Sunday, September 21, 2008

Off and running

I drafted the first short (three page) chapter of the new thunderbolt of a short novel, and while it's clearly draft, with lots to fix, nonetheless the tone strikes me as about right ... and since I already have the story whole, I'm moving forward and now expect to finish a draft before winter ends.

It's interesting to compare this to my continuing struggles with the Cold War novel, many drafts over many years, with much I like -- characters, setting, rhetoric -- but always stopped dead in its tracks at the moment I admit I have no story. Hence my new approach, to write it as a screenplay, in which story matters most. I believe in a novel the story does not matter most in the end -- it's the way the story is told, that bundle of style, tone, voice, point of view, that communicates the story. "It ain't what you do, it's the way that you do it," says my favorite literary critic, Jimminy Cricket. This is a judgment of the end product.
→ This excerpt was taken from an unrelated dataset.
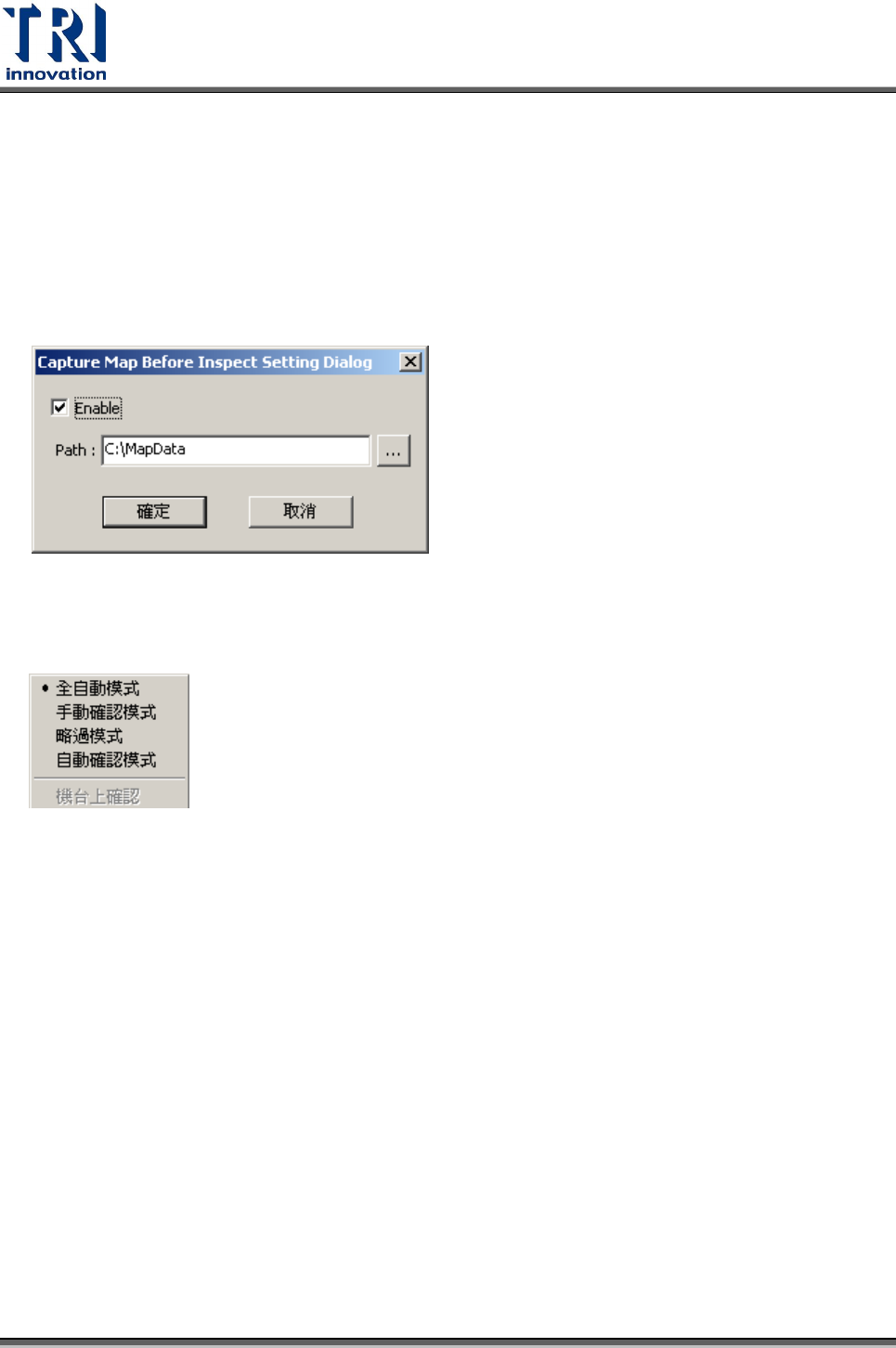 存在使用者指定的目錄下, 是否啟動及指定目錄皆依機台存在註冊表內。當選擇功能後,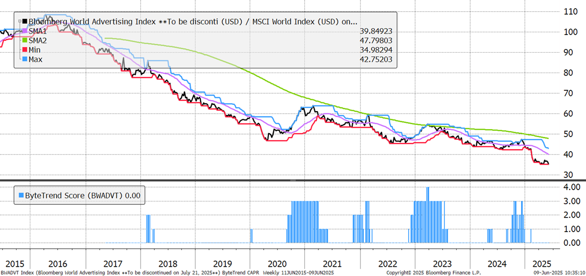 For regular readers of GTI, it is striking how many companies show up week after week, which demonstrates the power of trend following. We note in the bear section that the advertising industry shows up. It’s a disaster, and today’s FT reports that WPP’s CEO has quit.

But the process works a bit differently, and if you don't have a clear story, or create one along the way, the stone wall inevitably appears and you're stopped in your tracks.

This new story came to me whole. Almost never happens. Very rare indeed. But there it was, suddenly in my head, and I can see how it comes from all the brooding I've been doing about aging, dying, empowerment, the things I brood about these days. I found a story that deals with all of this with dark humor and economy. And, of technical challenge to me, the story includes a device I've never used before: a Greek god is a character. That's the way I see it. A reader may believe it's a loony character who just believes he's a Greek god. But I take him at his word.

This book is too literary to be commercial. No problem. If done right, it will have a proud place on the shelf of my archive. Moreover, it should be a hoot to write. Dark comedy is always fun.

Man, how quickly my entire work schedule can change! I've learned not to ignore these gifts from the gods. In the past, they've turned out just fine.

2 comments:

Julie said...

your description reads like a potential opera

Charles Deemer said...

Interesting idea! First things first but definitely will keep this in mind.